--- PROBLEM TO WORK ON ---
Every line below from the one with "意味不明あだ名 | 『永久保存いしかわるな』 |" through the one with "休憩所で「国旗のある自由画展" should be retyped exactly, both ends included; no other lines and no pictures.

--- INFORMATION PROVIDED ---
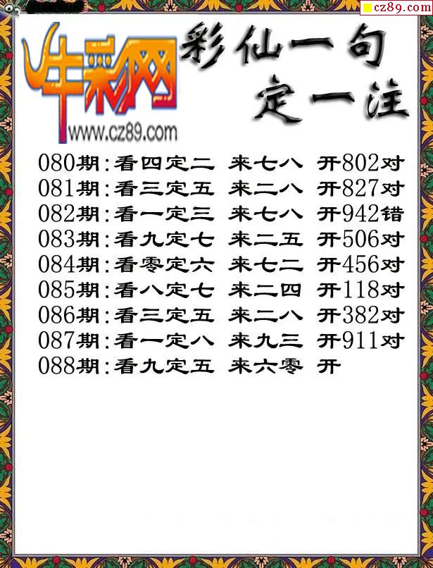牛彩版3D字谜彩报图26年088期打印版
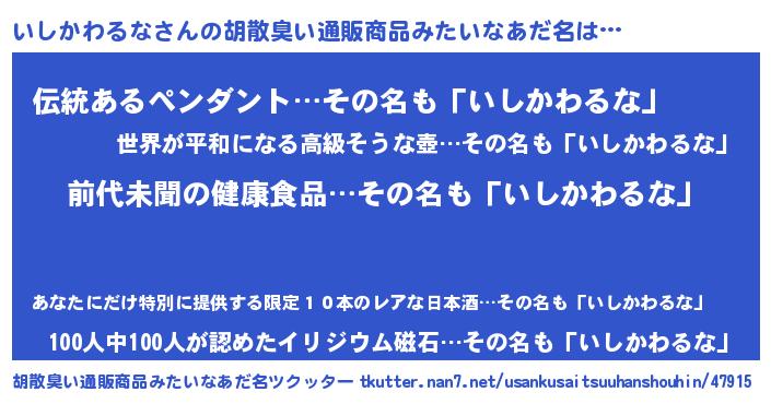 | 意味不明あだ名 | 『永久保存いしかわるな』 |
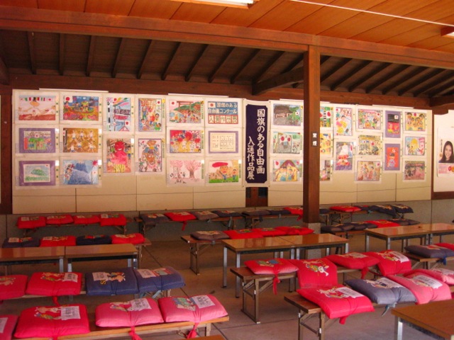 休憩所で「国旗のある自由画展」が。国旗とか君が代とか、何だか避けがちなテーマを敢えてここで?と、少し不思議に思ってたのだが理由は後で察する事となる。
--
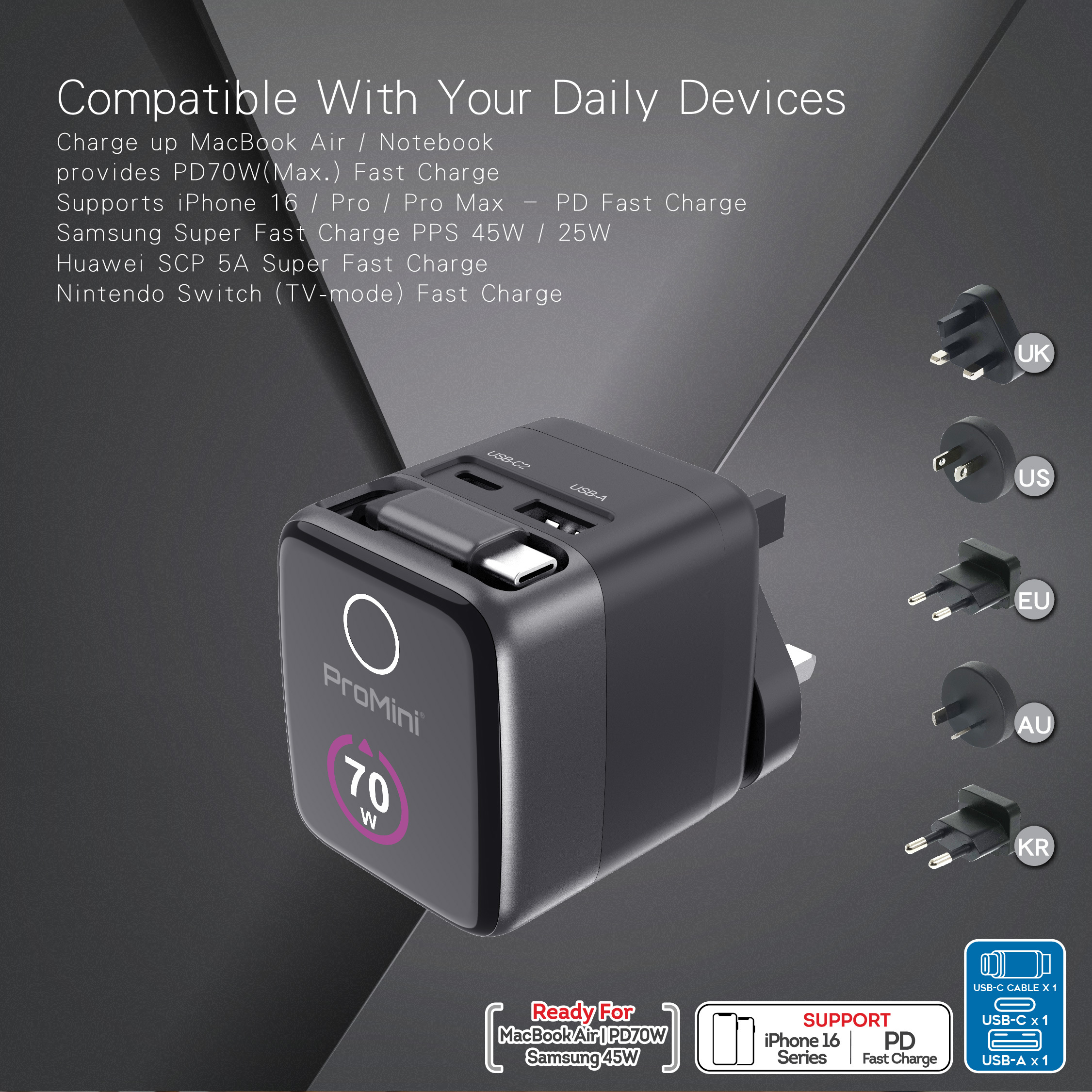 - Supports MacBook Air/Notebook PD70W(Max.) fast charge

--- WRITTEN SOLUTION ---
 | 意味不明あだ名 | 『永久保存いしかわるな』 |
 休憩所で「国旗のある自由画展」が。国旗とか君が代とか、何だか避けがちなテーマを敢えてここで?と、少し不思議に思ってたのだが理由は後で察する事となる。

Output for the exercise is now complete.